「無意味なグレーゾーンを作らない」新卒OJT!

LECTURER

株式会社インタースペース メディア戦略室 リーダー 西本 龍太郎氏

大手ITコンサル会社、編集プロダクションを経て独立。新規メディアの立ち上げ等に従事。その後、社会的な課題に対して組織として貢献できるアクションをしたいという想いが芽生え、インタースペースにディレクターとして入社。現在はメディア戦略室のリーダーとして横断的なメディア運営を行う。

このアクションの目的は…

・心理的安全性を担保するために「不安になる要素」を作らない。
・自発的なアクションができる環境をメンターやチームメンバーが用意する。

このアクションの実践方法は…

①業務を任せるときに「目的・背景」をしっかり伝えた上で、優先順位やトレードオフの対象を明確にする
Ex)業務目的・背景が伝わっていれば「間違ったアプローチを行い作業が無駄になる」という状況は防げる。そのために「作業意図が納得できるまでは何度質問してもOK」など、都度こちら側のスタンスも相手に明示する。
※ただし、質問の多さとアウトプットの早さはトレードオフになることも伝え、両者のバランス感覚を自身で養ってもらうことを意識する。(質問無限にOK!だと成長しないので)

②欲しい情報にアクセスできる環境を作る
「とにかく行動して失敗から学べ」という考え方もあるが、過去の成功・失敗事例にアクセスできる環境を用意し、「誰かと同じ失敗はさせない、失敗したことが新しい事例になる」体制を構築してあげるほうが本人にとっても会社にとっても有意義。新人が過去の失敗事例と同じ失敗を繰り返しているとしたらマネジメント側に課題があると考える。

実践するときのマネまねPoint

①相手が思う「納得感」の充足を目指す
何よりも重要なのが「納得感」。どういった背景で依頼されているのか、何を期待されているのかわからないグレーゾーンの中でアクションするのは不安だし負担にもなる。一方で、全てが簡単に理解できるようにタスクを渡すのも成長に繋がらない。

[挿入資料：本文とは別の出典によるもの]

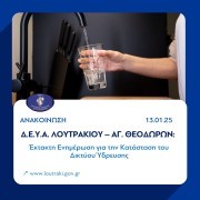 Λουτράκι .. Έκτακτη Ενημέρωση για την Κατάσταση του Δικτύου Ύδρευσης

そのため、最初の段階で目的や背景については納得ができるまで説明を行い、アクションについては個人のやり方に任せる。(丸投げではなく委任。そこまでしてベクトルがずれたら説明する側のセンスの問題と捉え反省する)

②何を言うかより誰が言うか
「効率的に成長しよう!」と言いながら、伝える側が同じトラブルを起こしていたり、解決に必要な情報を探すことに苦戦していたりするようでは信頼を損なう。参考になる事例は事前に整理しておき、後輩の業務達成や成長支援につながる情報・ノウハウはすぐに引き出せるよう準備しておく。

チームがこんなに成長しました!

  • 「納得できるまで質問して良い」という関係値を作ることで、互いの意思に齟齬がなくなった。
  • 事例を事前共有することで、常に目の前の課題は「初めての挑戦」という意識で取り組んでもらえる。結果的に失敗してもいいんだという安心の中、挑戦できる環境を醸成できる。
  • 効率成長のサイクルに身を置くことで「過去から学んだ分、自分の失敗・課題も周囲にシェアする」という意識を持ってくれるようになった。